- _Exercise directions_
Nothing but an exact copy is asked for: the lines in the material below from the one with "三亚江南百悦商务大酒店座落在" through the one with "The dining area", pictures excluded.

- _Data for this exercise_
-- Opening Marker --
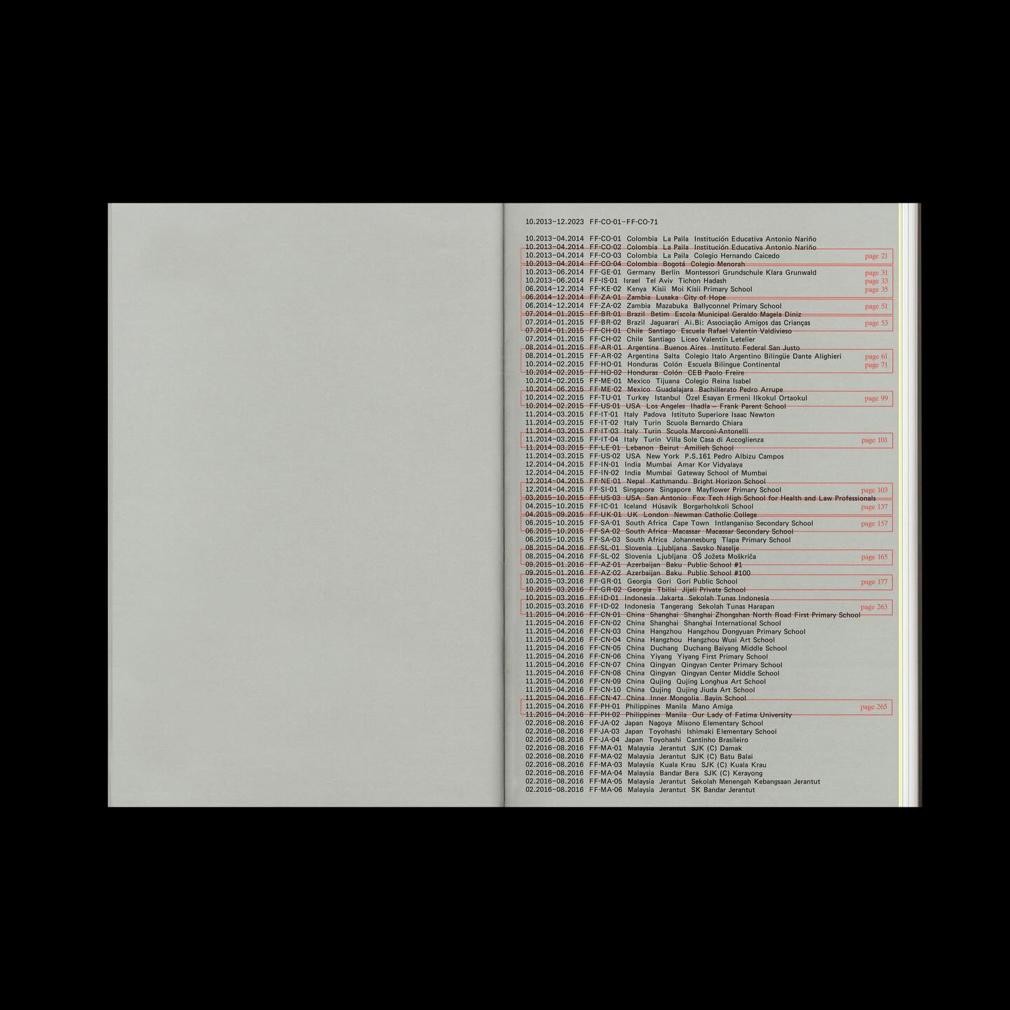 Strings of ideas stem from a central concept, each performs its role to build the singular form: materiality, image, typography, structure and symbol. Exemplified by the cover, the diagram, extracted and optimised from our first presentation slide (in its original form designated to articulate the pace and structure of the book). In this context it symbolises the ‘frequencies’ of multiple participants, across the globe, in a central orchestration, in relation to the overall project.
-- Closing Marker --
-- Opening Marker --
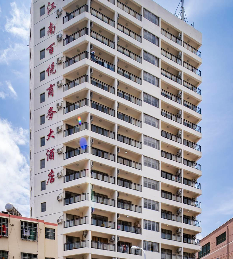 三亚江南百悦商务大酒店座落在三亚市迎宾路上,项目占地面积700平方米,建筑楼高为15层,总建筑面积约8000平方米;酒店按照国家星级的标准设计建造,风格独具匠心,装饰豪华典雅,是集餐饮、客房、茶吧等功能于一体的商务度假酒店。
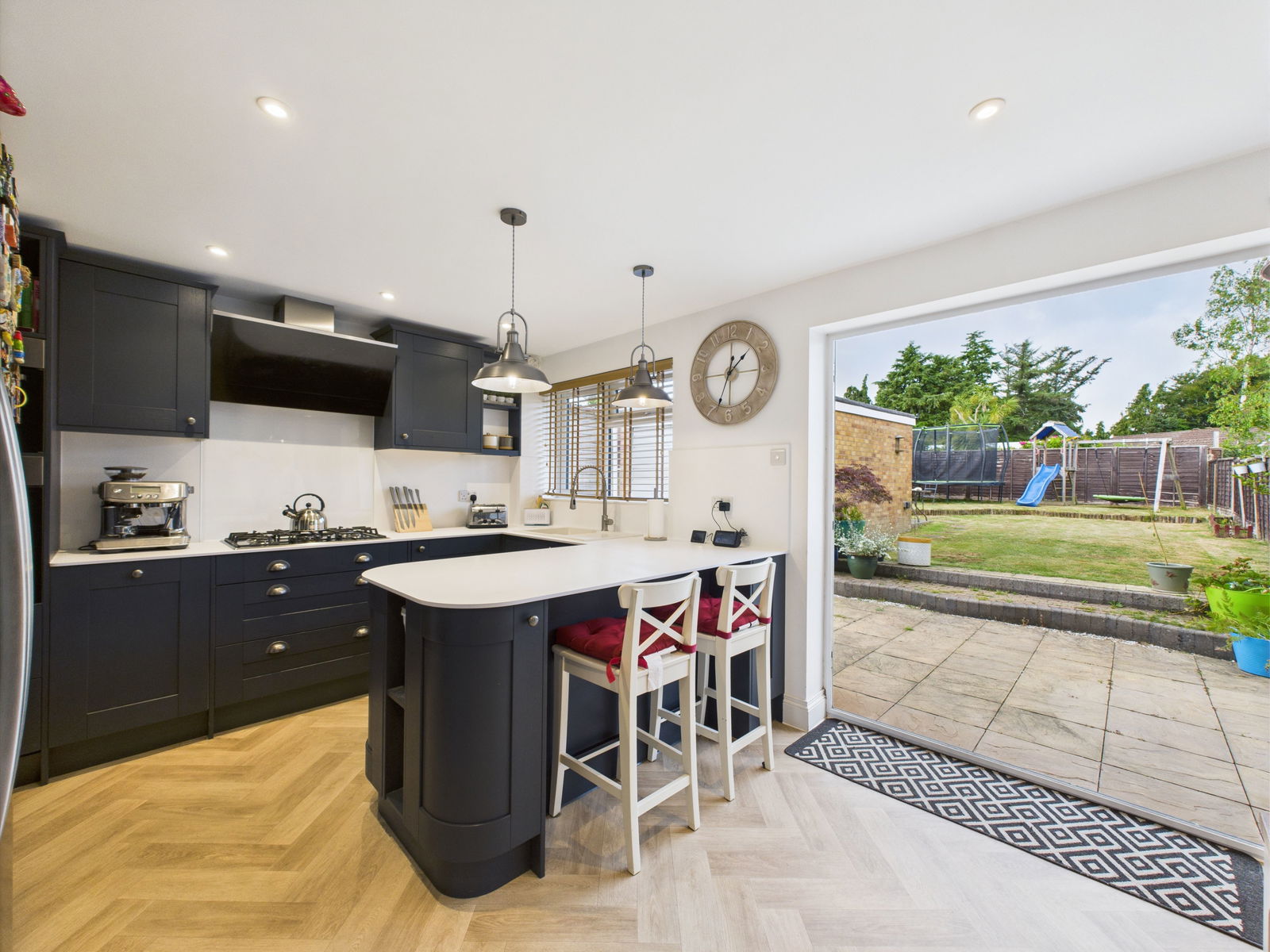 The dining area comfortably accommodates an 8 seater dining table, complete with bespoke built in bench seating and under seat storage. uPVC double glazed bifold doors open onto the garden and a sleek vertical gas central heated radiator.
-- Closing Marker --
- _Written response_
 三亚江南百悦商务大酒店座落在三亚市迎宾路上,项目占地面积700平方米,建筑楼高为15层,总建筑面积约8000平方米;酒店按照国家星级的标准设计建造,风格独具匠心,装饰豪华典雅,是集餐饮、客房、茶吧等功能于一体的商务度假酒店。
 The dining area comfortably accommodates an 8 seater dining table, complete with bespoke built in bench seating and under seat storage. uPVC double glazed bifold doors open onto the garden and a sleek vertical gas central heated radiator.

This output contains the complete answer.